KArtsCon - Kent Arts Conference Logo
Search

KArtsCon2023: Allyson Trostle – Arts and Health Roundtable

Allyson Trostle Bath is a third-year PhD candidate at the University of Kent studying representations of female mental illness in contemporary fiction. She has a BS in Journalism from Northwestern University in Evanston, Illinois, as well as an MEd in Secondary Education and an MA in English from DePaul University in Chicago. In addition to working on her thesis, Allyson teaches Year 5 at her village primary school, where she is the head of Modern Foreign Languages. When she is not researching, writing or teaching, Allyson can be found chasing her two young children around the garden.

The Arts, Creative Expression and Wellbeing

Chaired by Dr Dieter Declercq, with Dr Ruth Herbert, Dr Stella Bolaki and Caroline Eastwood

Roundtable and Discussion

The Arts, Creative Expression and Wellbeing
How does creative involvement with the Arts support health and wellbeing in daily life? What are the ways in which the Humanities (languages, literature, the arts, history and philosophy) help us to understand aspects of what it is to be human, from emotional expression and empathy to historical understandings of illness and health?

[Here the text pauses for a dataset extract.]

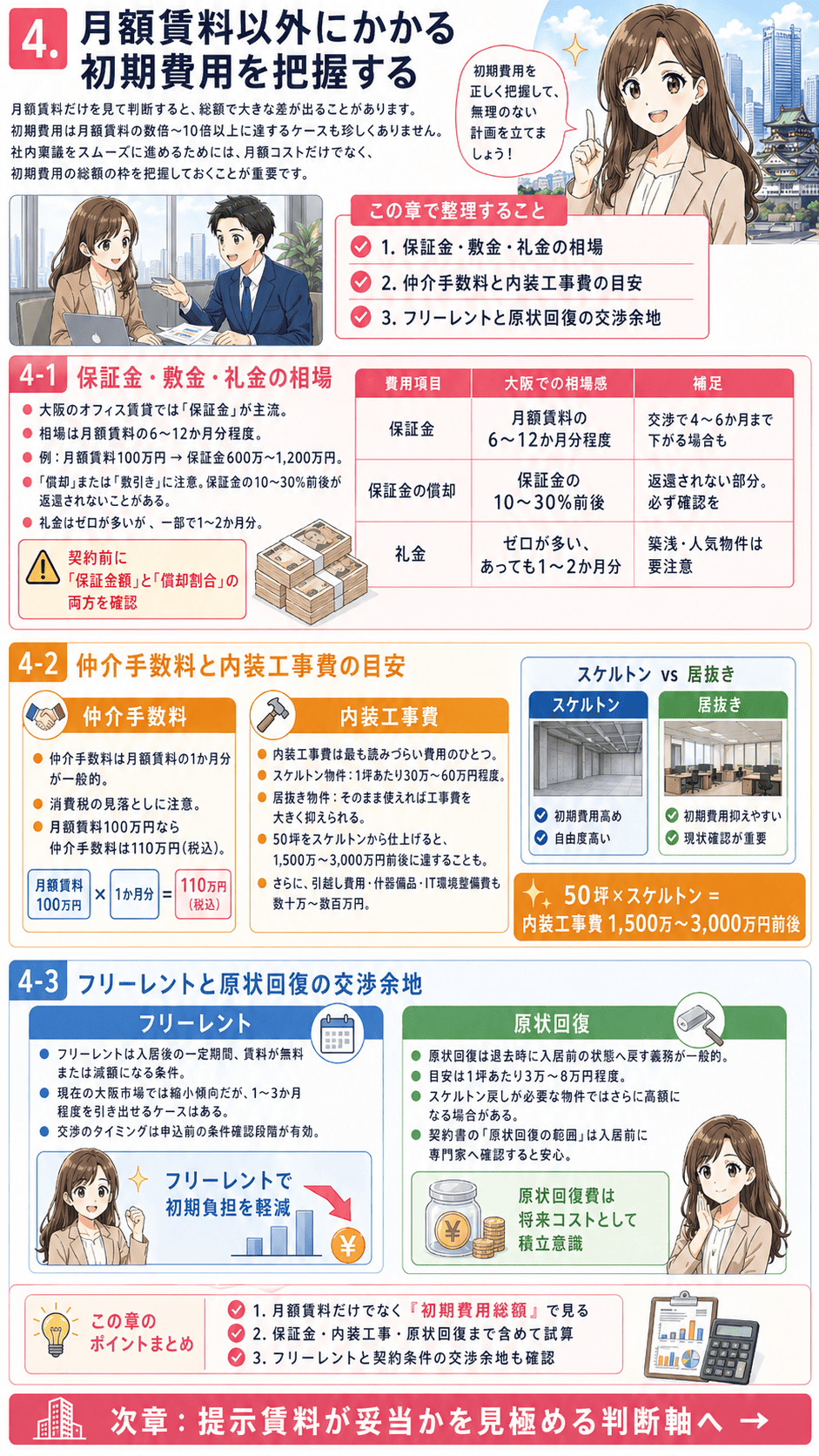 この記事では、梅田・本町・淀屋橋・なんば・新大阪のエリア別坪単価から、初期費用の目安、提示賃料が妥当かを判断する軸、移転か更新かの試算手順まで、実務で使える情報をひとつひとつ整理しています。社内稟議の根拠づくりにも、そのまま活用していただけます。

This session introduces the work of the University of Kent’s Centre for Health and Medical Humanities. Launched in 2022 the CHMH brings together scholars who investigate the relationship of the arts and humanities to health, healthcare, medicine and medical education. It features four brief case studies, before opening up an informal discussion with panel members and the audience.

Case study contributions:

  • Emotion becomes book: Artists’ books in participatory arts and health contexts. Dr Stella Bolaki (Co-Director Centre for Health and Medical Humanities, Reader in American literature and Medical Humanities).
  • Health musicking in everyday life and participatory arts contexts. Dr Ruth Herbert (Senior Lecturer, Music psychologist, School of Arts, Dept of Music & Audio Technology)
  • Film sound and empathy. Caroline Eastwood (Film Studies)
  • Representations of female mental illness in fiction and the use of self-writing to manage emotional wellbeing. Allyson Trostle (School of English)

Roundtable Chair: Dr Dieter Declercq, Co-Director Centre for Health and Medical Humanities, Senior Lecturer in Film and Media.